Additional shape and biophysical features for unmethylated DNA
TFBSshape calculates DNA shape features for qualitative and quantitative analysis to improve the mechanistic understanding of TF–DNA recognition. The current version of TFBSshape analyzes nine additional shape features and one biophysical feature of DNA for each set of TFBS sequences, expanding the original set of four DNA shape features to a total set of 14 features, including six intra-base pair features (Buckle, Opening, ProT, Shear, Stagger and Stretch), six inter-base pair features (HelT, Rise, Roll, Shift, Slide and Tilt), MGW and EP. The feature values were predicted using our R/Bioconductor package DNAshapeR (45), where DNA shape features are derived from data mining of trajectories from all-atom Monte Carlo (MC) simulations for DNA fragments of different nucleotide sequences ranging 12–27 base pairs in length capturing all 512 unique pentamers in diverse sequence contexts (24). These MC simulations used a set of collective and internal variables (46) and the AMBER force field (47) for DNA fragments, explicit sodium counter ions (48) and a distant-dependent sigmoidal function to describe the solvent implicitly (49). Average values for each shape feature assigned to each of the 512 unique pentamers were calculated from equilibrated MC simulation trajectories using the Curves algorithm (50) and compiled into a pentamer query table for high-throughput prediction (24) (Figure 2). These DNA shape predictions have previously been validated using available experimental structures and hydroxyl radical cleavage measurements (24,51). EP values were calculated at the center of the minor groove within each approximate base-pair plane by solving the nonlinear Poisson–Boltzmann equation at physiological ionic strength using the DelPhi program (52) and a previously described protocol (15) for average DNA structures originating from MC simulations (26) (Figure 1B). The current version of TFBSshape provides qualitative illustrations for the 14 features of unmethylated DNA in heat maps with the option for downloading quantitative data for further analysis.

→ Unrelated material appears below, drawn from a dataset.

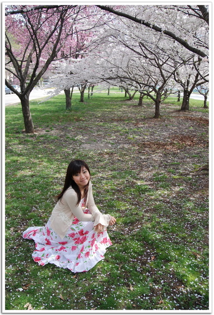 學校旁的查爾斯河畔開滿了遍地櫻花

Introduction of shape features for methylated DNA
TFBSshape provides DNA shape features for DNA sequences that contain CpG dinucleotides, and the new release offers an alternative approach to determine how the intrinsic shape of methylated DNA affects TF binding. Recently, we developed a high-throughput method, methyl-DNAshape (37), for predicting the shape features of methylated DNA, including HelT, MGW, ProT and Roll. The current version of TFBSshape uses methyl-DNAshape (37) for deriving shape profiles for methylated DNA sequences. The methyl-DNAshape approach (37) uses MC simulations of DNA fragments with methylated CpG dinucleotides embedded in diverse sequence contexts. The MC simulation protocol is identical to the one described for unmethylated DNA fragments with the exception of 5-methylcytosine replacing cytosine in all occurring CpG base-pair steps. The methyl-DNAshape predictions were previously validated based on available experimental structures with CpG methylation (37). The MC simulations and limited data for validation restrict the current approach to CpG methylation despite cytosine methylation in other sequence contexts in plants (53) and at CpA dinucleotides in neurons (54,55).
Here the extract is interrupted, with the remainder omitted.